---------- Data excerpt ----------

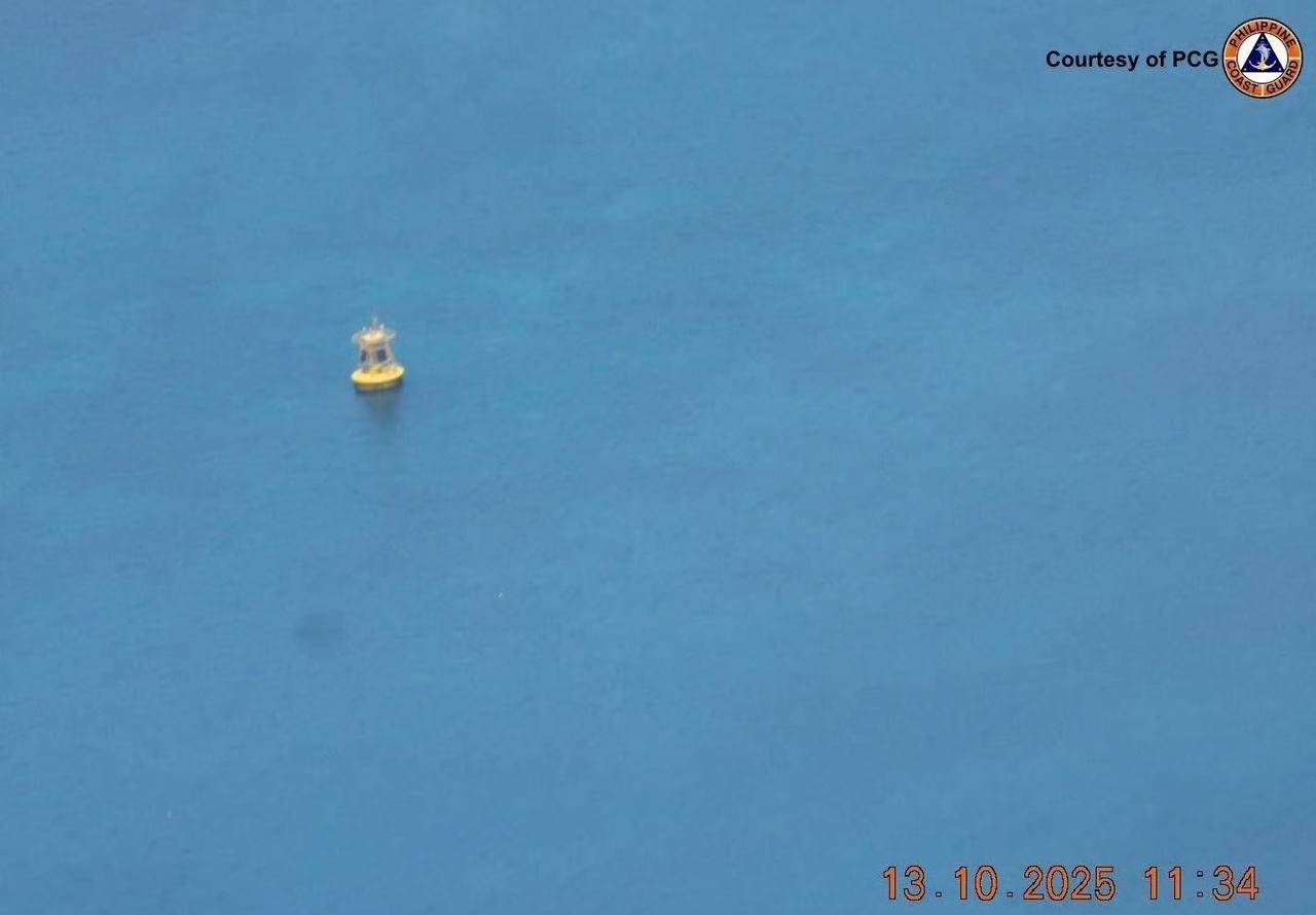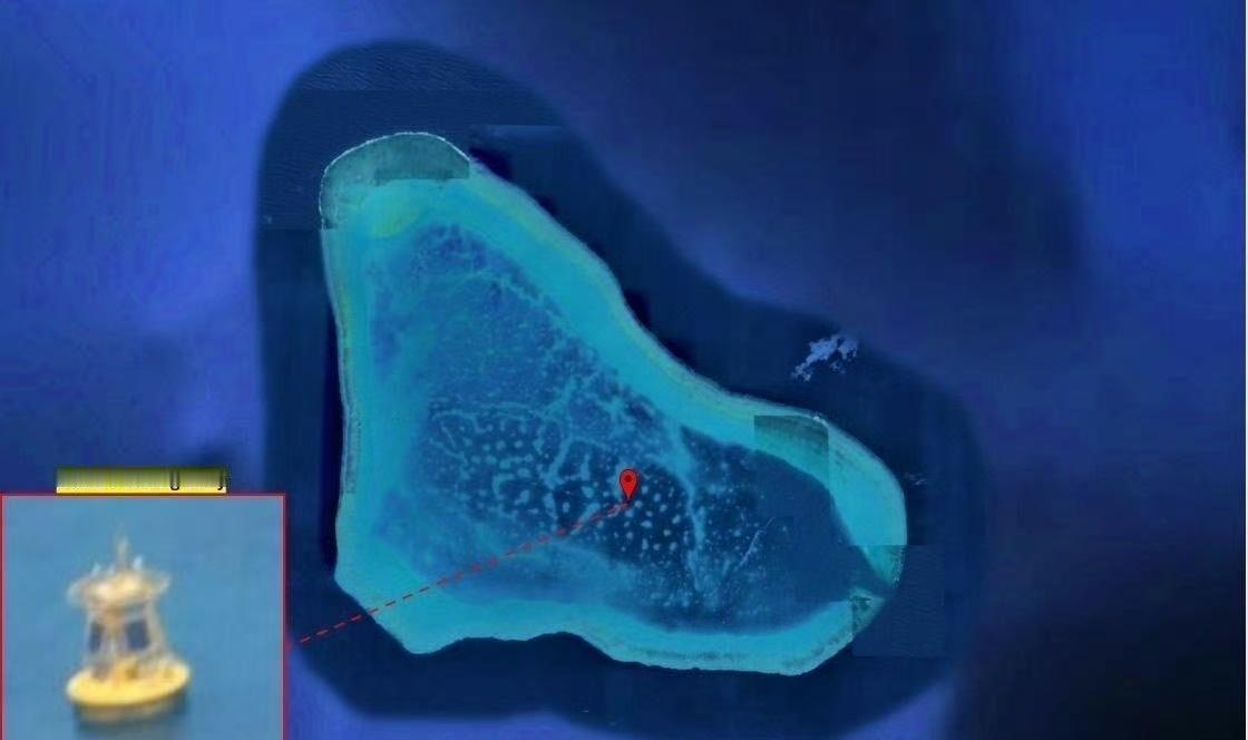 今天(10月14日)下午,菲海警XX事务发言人对媒体表示,在昨天(13日早上)的航拍中,发现在黄我国岩岛国家级自然保护区潟湖中央还布设了新的浮标(图1),这是在以前牠们从来没见过的新东东。PS:图2为浮标所处位置。
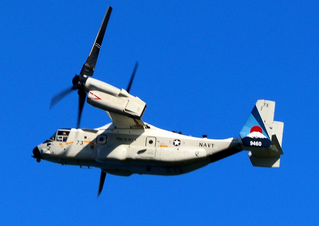 米海軍艦載機 CMV-22B オスプレイ(岩国基地)、73-9460番機が旋回(7周目) |
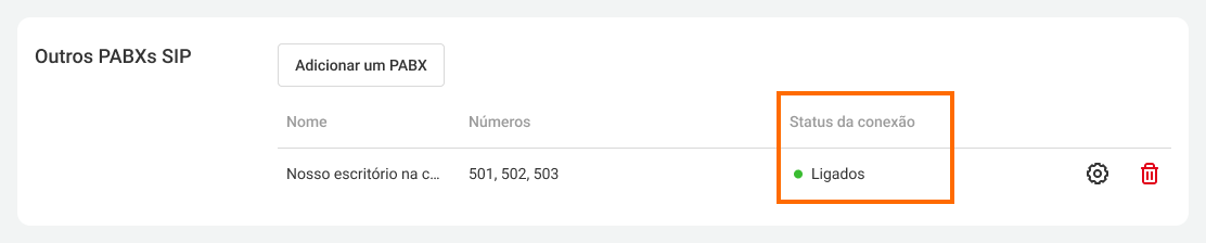 Após configurar, o status da conexão do PABX SIP na conta do PABX móvel mudará para Conectado e será indicado com um marcador verde. Isso significa que agora você tem acesso a chamadas entre usuários do PABX móvel e do PABX SIP conectado usando ramais.
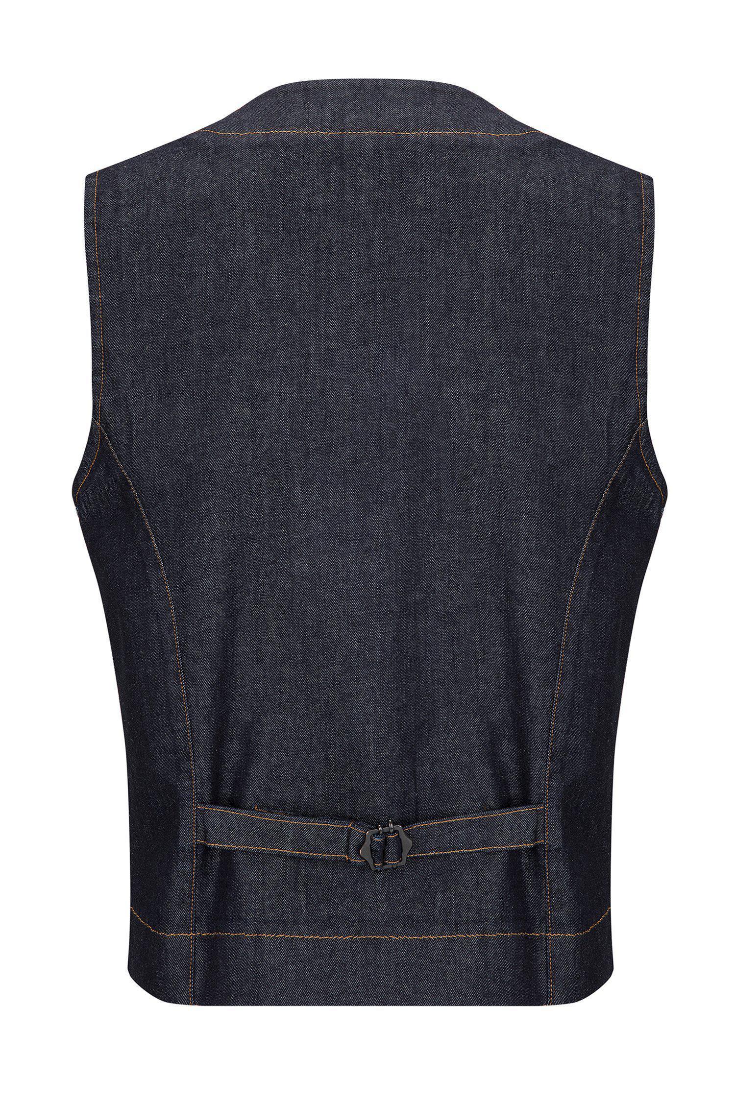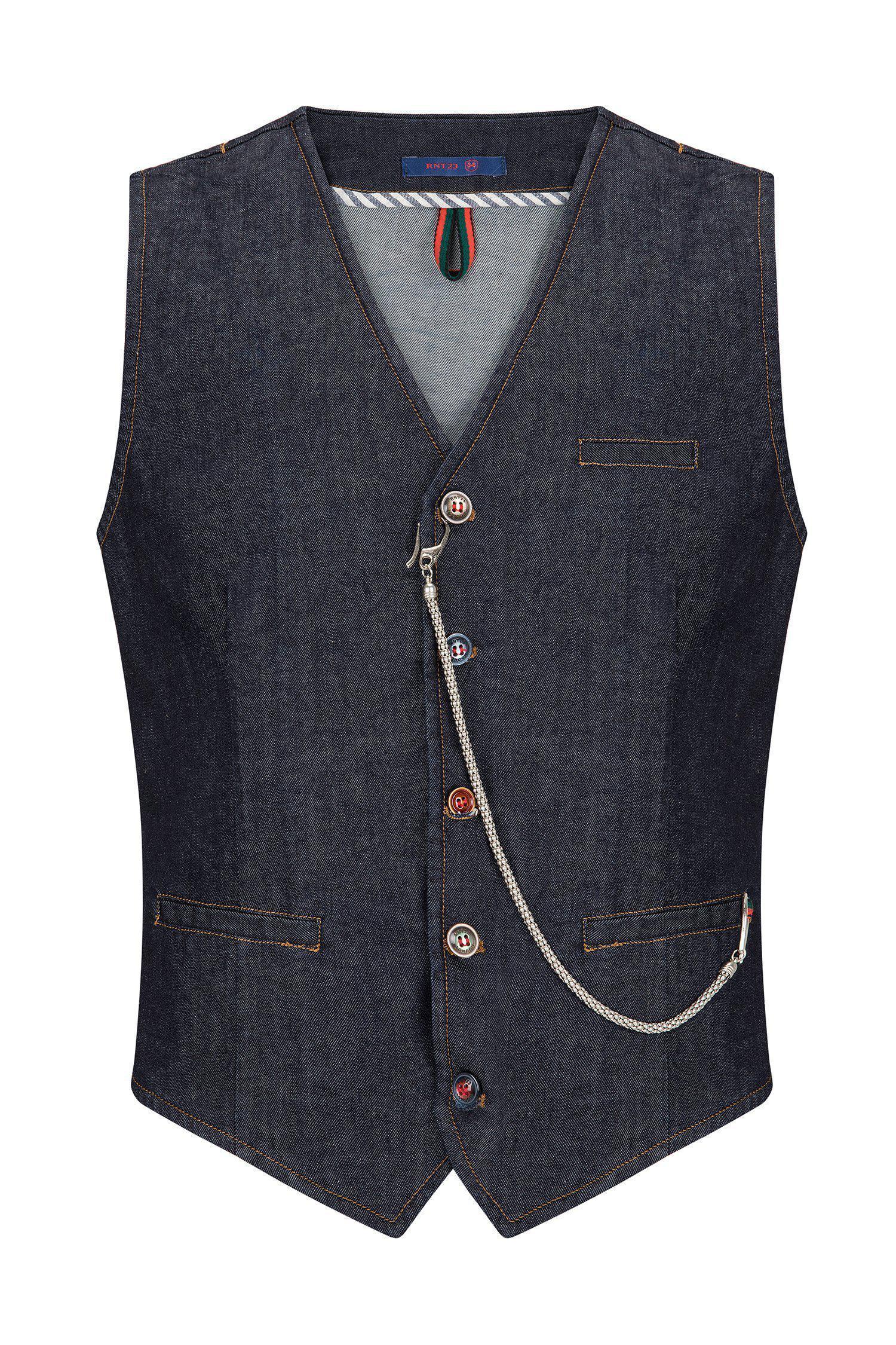 This dense cotton vest is a classic upgrade for any outfit. It makes a statement on its own, detailed with contrasting buttons. Chain is not included.

----------

_Your assignment_
Copy out the material above in full and exactly; its pictures are not to appear.

_Exercise solution_
 今天(10月14日)下午,菲海警XX事务发言人对媒体表示,在昨天(13日早上)的航拍中,发现在黄我国岩岛国家级自然保护区潟湖中央还布设了新的浮标(图1),这是在以前牠们从来没见过的新东东。PS:图2为浮标所处位置。
 米海軍艦載機 CMV-22B オスプレイ(岩国基地)、73-9460番機が旋回(7周目) |
 Após configurar, o status da conexão do PABX SIP na conta do PABX móvel mudará para Conectado e será indicado com um marcador verde. Isso significa que agora você tem acesso a chamadas entre usuários do PABX móvel e do PABX SIP conectado usando ramais.
 This dense cotton vest is a classic upgrade for any outfit. It makes a statement on its own, detailed with contrasting buttons. Chain is not included.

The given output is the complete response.